Em razão dessa variação de significado que o termo sofreu historicamente e por ter prevalecido a associação do mesmo a um Estado opressor e antidemocrático, alguns doutrinadores iniciam a discussão acerca da nova postura estatal, quando do exercício da atividade administrativa denominada poder de polícia, defendendo a mudança de terminologia, por entenderem inadequada aos novos tempos.
Verifica-se na obras recentes sobre a matéria denominações como poder ordenador, poder regulador e atividade interventora.
Sundfeld (2003, p. 20) sugere a expressão administração ordenadora, que conceitua como "a parcela da função administrativa, desenvolvida com o uso do poder de autoridade, para disciplinar, nos termos e para os fins da lei, os comportamentos dos particulares no campo de atividades que lhes é próprio".
Para o autor, a locução poder de polícia comporta uma carga negativa, que ultrapassa o real sentido do termo que consiste em aplicar as leis reguladoras dos direitos.
Bandeira de Melo (2007, p. 791) também não concorda com o termo, em razão de englobar "sob um único nome, coisas radicalmente distintas, submetidas a regimes de inconciliável diversidade: leis e atos administrativos", embora reconheça que continuará a usá-lo em sua obra, quando relacionado ao seu significado mais abrangente (ao sentido estrito prefere referir-se como polícia administrativa).

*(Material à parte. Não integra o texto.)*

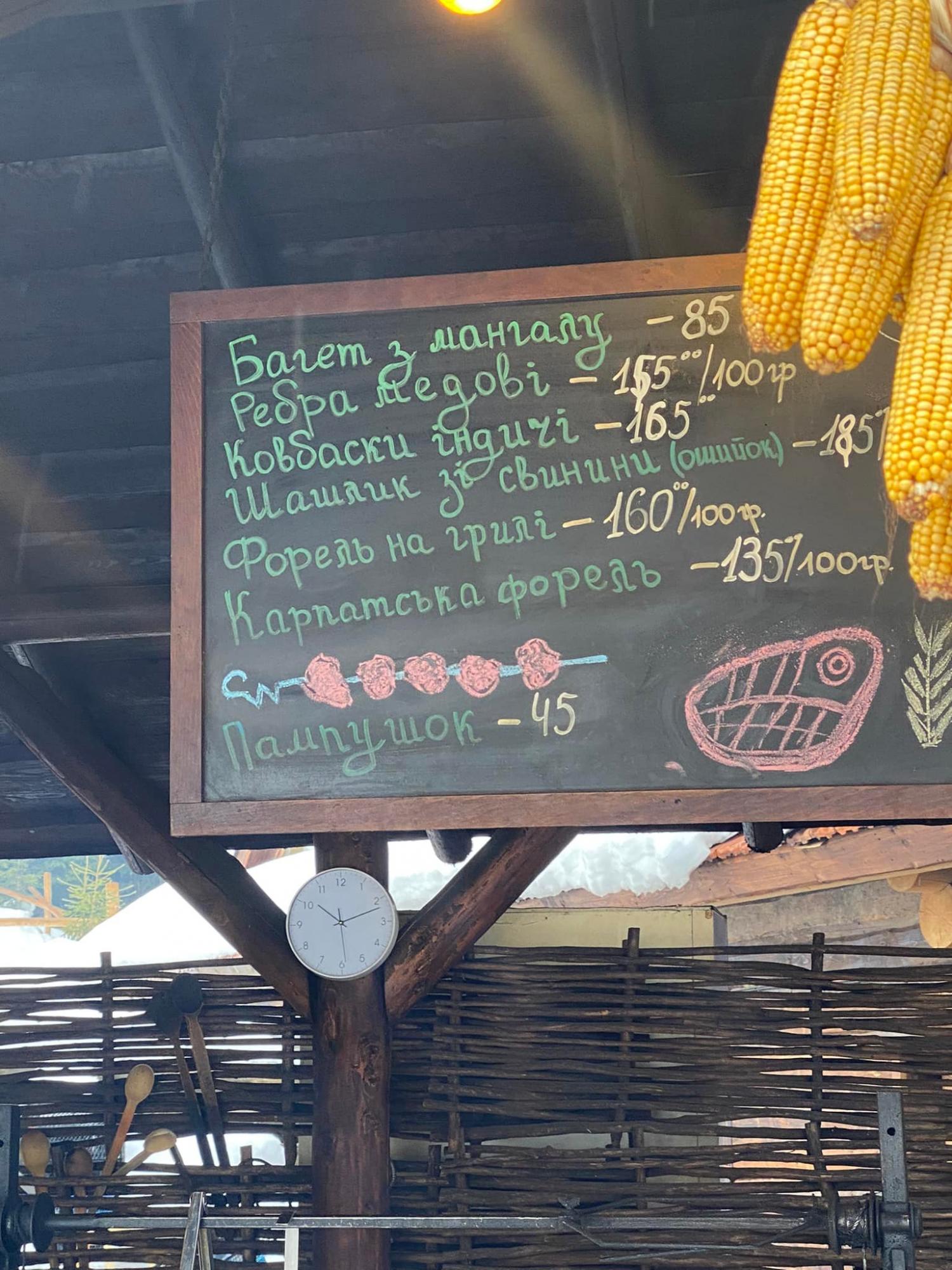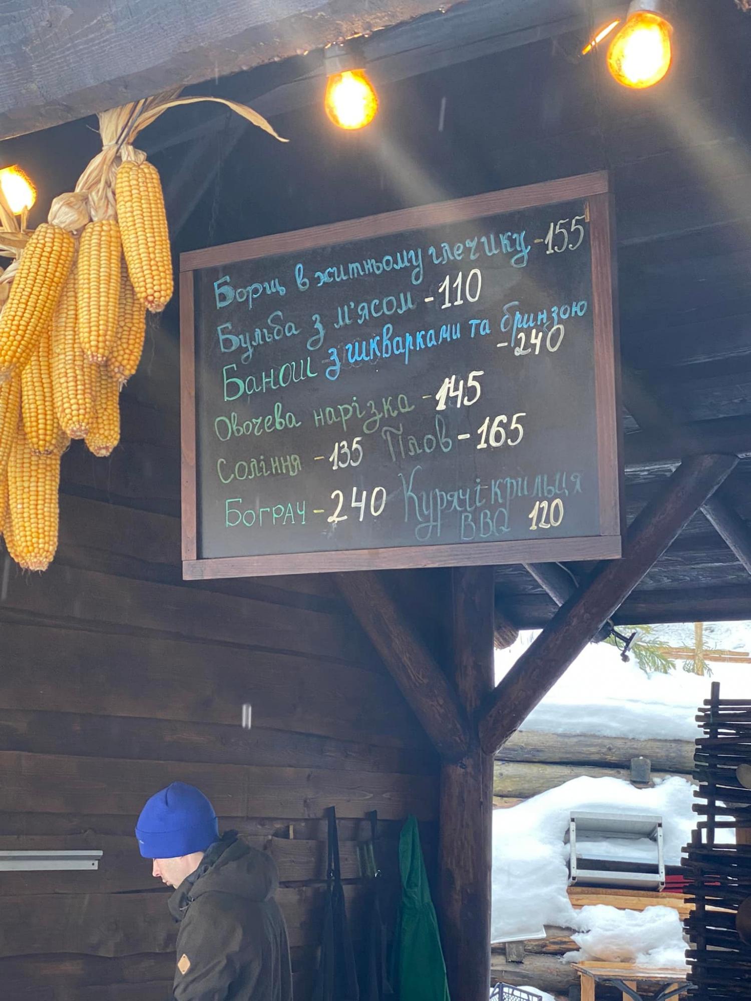 На цінниках зазначено, що гостям курорту пропонують скуштувати овочеву нарізку по 145 гривень, порцію плову за 165 гривень, банош зі шкварками та бринзою за 240 гривень, сік “Річ” (0,2 л) за 75 гривень, мінералку за 55 гривень, пиво від 135 до 155 гривень за келих, коньяк (50 грамів) за 120 гривень, багет з мангала за 85 гривень та інше.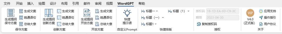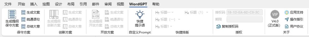 (1) 一个授权码只可绑定一台电脑,如有多台电脑,请确定常用电脑,无法更换电脑使用;(2) 一台电脑上同时使用WPS和Office,只需选择其中之一进行授权即可,另一个自动获得授权。(3) 授权开通时间:工作日9:00~22:00,其他时间可能会有延迟(4) 此授权方案为过渡阶段临时方案,后期随时会有调整 保守方案:秉持传统观念和做法,追求稳定和秩序,表达方式较为保守、传统,缺乏新颖和创新的元素。适用于历史、文化等相关的创作,强调对传统的尊重和维护,但也容易陷入千篇一律的模式,缺乏创意和个性。创新方案和开放方案注重突破传统思维和表达方式,表现出个性化、创造性的特点。创新方案:尝试打破常规,从新的角度去审视问题,采用新的写作手法和语言风格,体现出新思维和新文化的元素。开放方案:强调与读者的沟通和交流,注重吸收多元化的文化和思想,表达方式多样化,具有包容性和开放性。从保守方案到创新方案、开放方案,生成方案从聚焦到发散,内容呈现上逐步丰富,可开放思维,打开不同的写作视角。可以根据自己的喜好选择生成的模式。![]()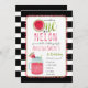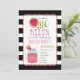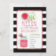 Tema för vattenmelon första födelsedag med "en i en melon"-textfras med vattenmelonsegment inbyggt i designen. Gräns är pom pom inspirerad. Bakgrunden är svart och vitt rand. Mason burk vattenmelon dricker i grund.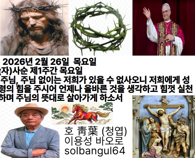 2026년 2월 26일 목요일 (자) 사순제 1주간 목요일 주님, 제 말씀에 귀를 기울이소서. 제 탄식을 들어 주소서. 저의 임금님, 저의 하느님, 제 기도 소리 귀여겨들으소서.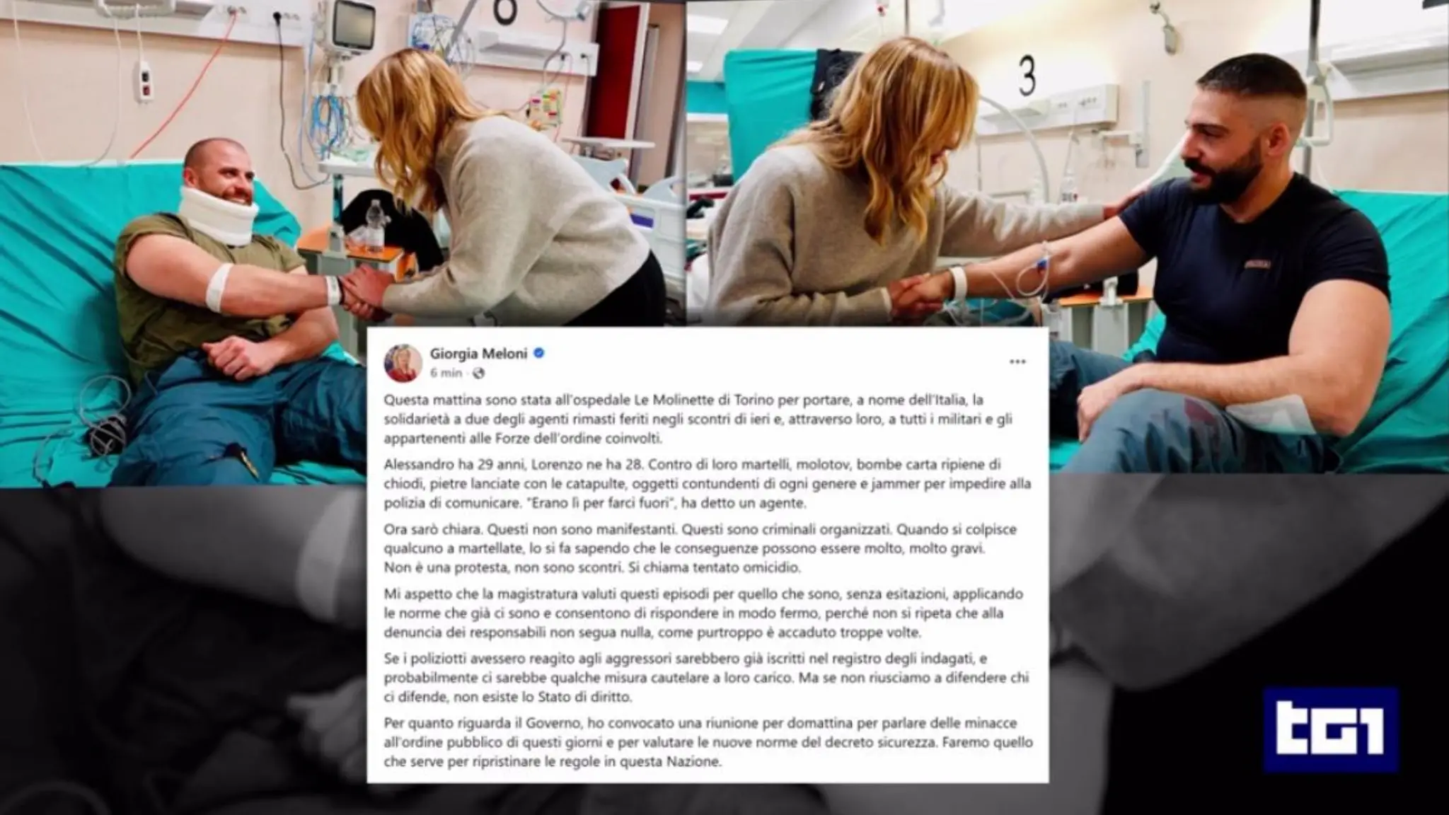 Giorgia Meloni incontra Alessandro Calista il poliziotto vittima del pestaggio di ieri e gli agenti ricoverati alle Molinette di Torino. Questi sono criminali organizzati, scrive sui social. Domani mattina riunione per le minacce all'ordine pubblico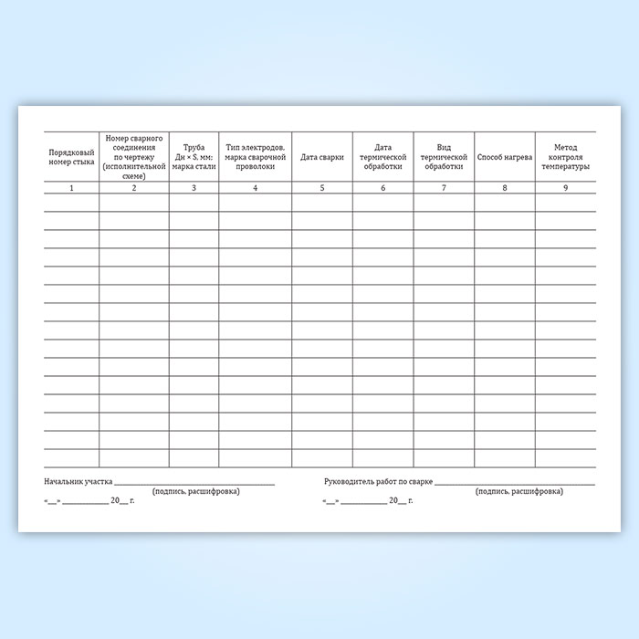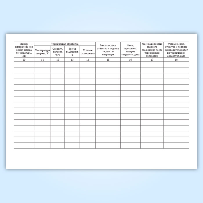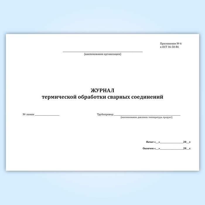 Форма журнала соответствует Приложению 6 к "ОСТ 36-50-86 Трубопроводы стальные технологические. Термическая обработка сварных соединений. Типовой технологический процесс"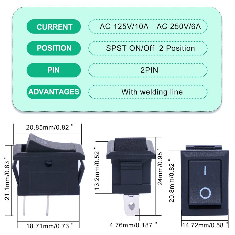 - Rated Voltage and Current : AC 125V, 10A; AC 250V, 6A; Overall Size : 21 x 15 x 24mm/0.8" x 0.6" x 0.94"(L*W*H); Mount Hole Size : 12.5 x 19mm / 0.49"x 0.75"(L * W);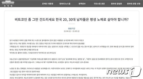 20·30대로 추정되는 청원인은 "대한민국 청년들 대부분이 지푸라기라도 잡는 심정으로 코인을 시작했고 그 돈으로 집을 사는 흙수저들도 생겨나기 시작했다"며 "헌데 재보궐 선거 끝나자마자 정부에서는 연일 코인에 대해 규제를 한다는 둥 악의 축으로 몰면서 언론도 기조를 맞추어 악의적으로 보도하더라"라고 주장했다.
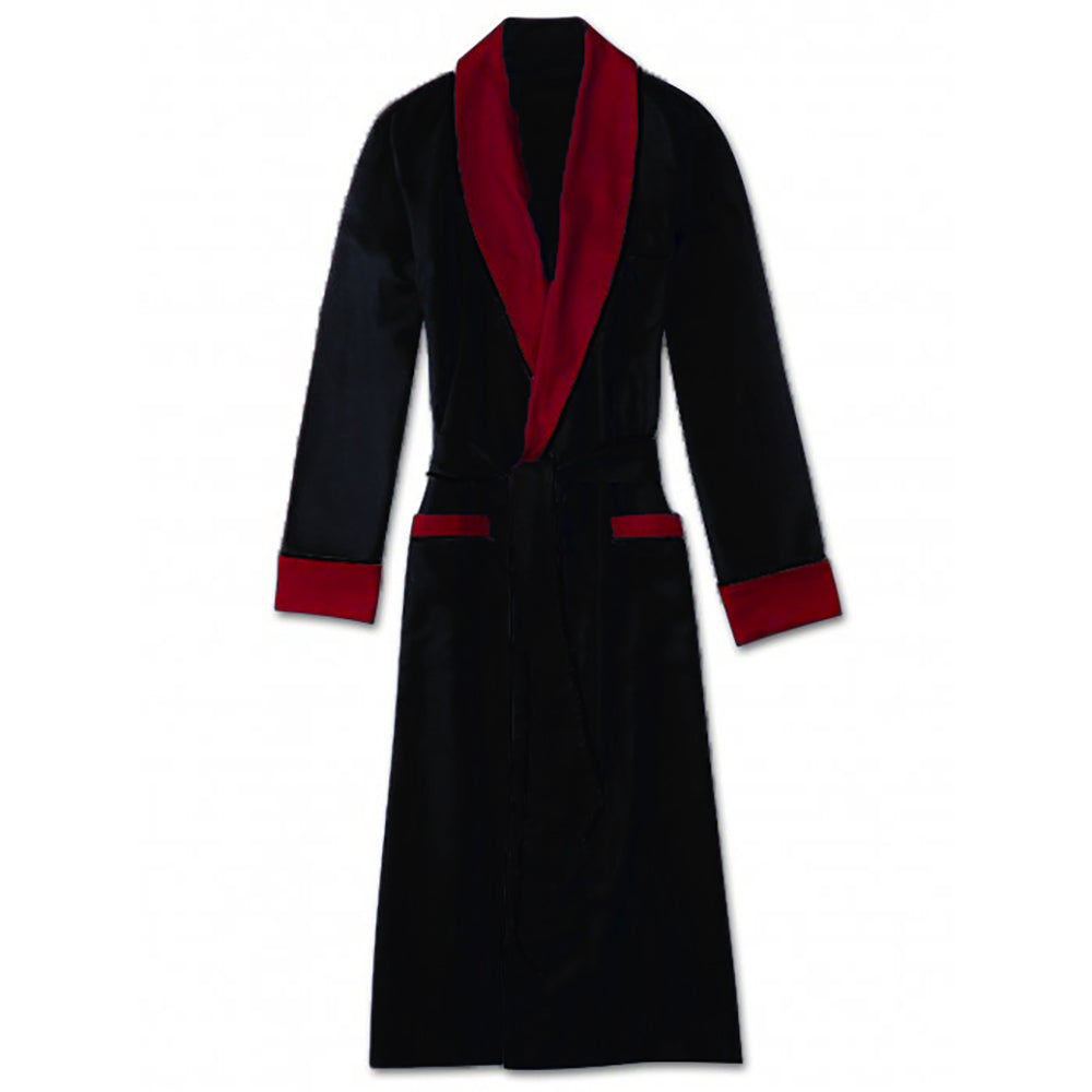 Heavyweight Black Silky Satin Robe with Contrasting Burgundy Shawl Collar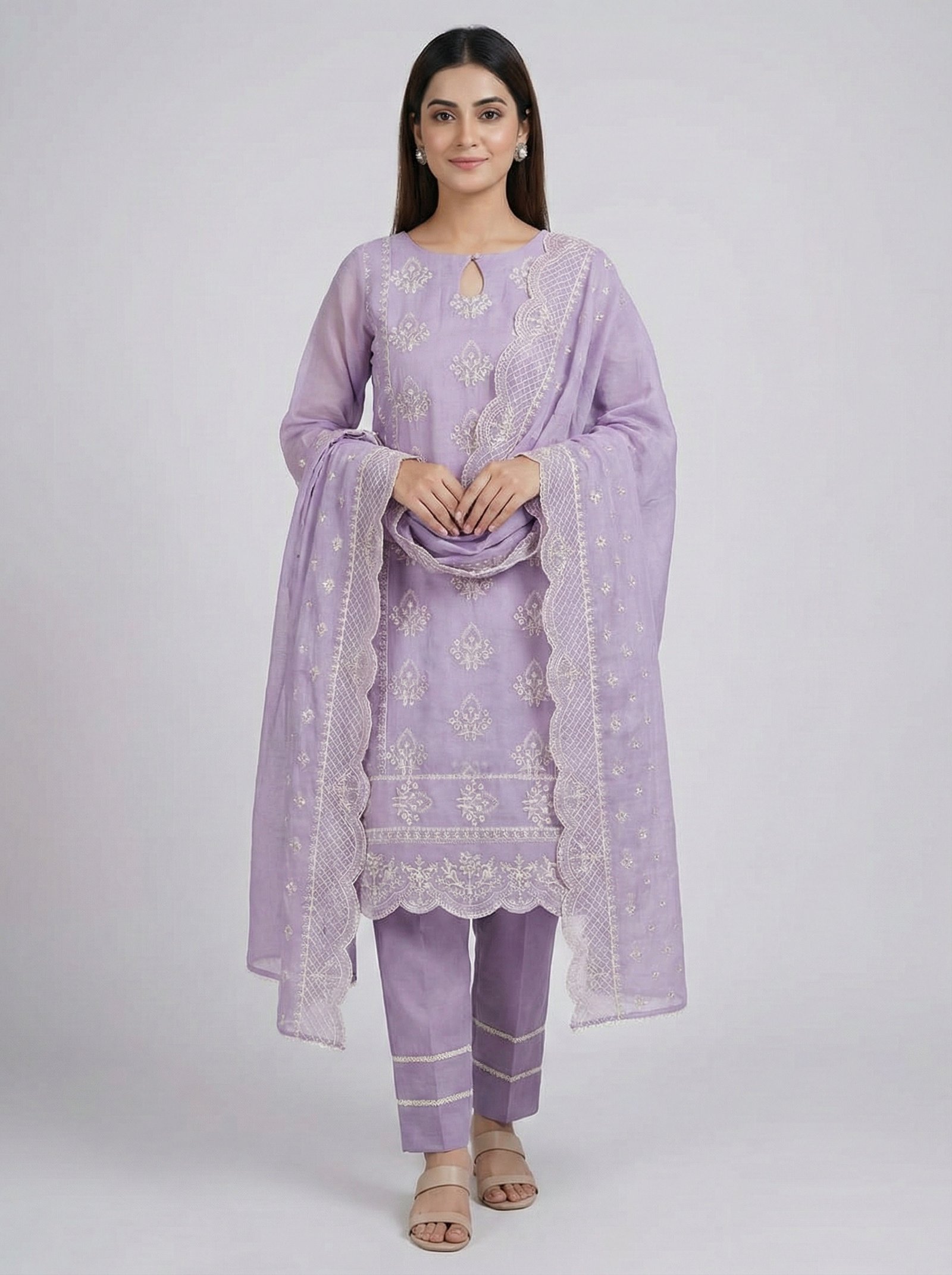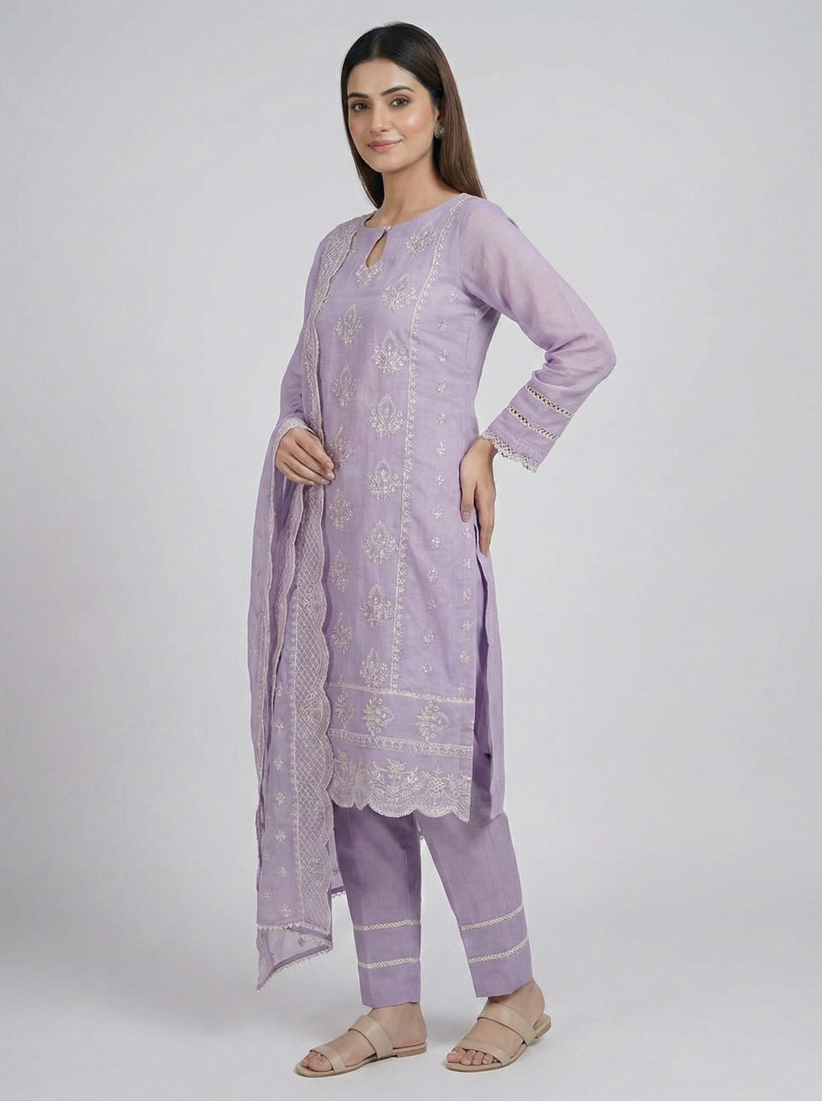 PAH-013 — Embroidery (3 PCs, Unstitch, Lilac): Lilac Cora cotton three-piece unstitched outfit with matching Cora cotton dupatta and Khaddi cotton trouser — soft and sophisticated. Shirt 3 mtrs, Dupatta 3 mtrs and Trouser 2.5 mtrs

Resta evidente que a expressão poder de polícia remonta ao tempo do Estado Autoritário, período em que tal atividade confundia-se com o poder do soberano, e que "significava não só um poder ilimitado, mas resumia o conjunto da atuação do Estado" (Pessoa, 2003, p. 491).
A expressão também pode conduzir o leigo a associá-la com a atividade da polícia judiciária, que se diferencia daquela por atuar na esfera do direito processual penal.
Cumpre salientar, entretanto, que mais importante do que a questão terminológica é a nova abordagem que se deve dar ao tema.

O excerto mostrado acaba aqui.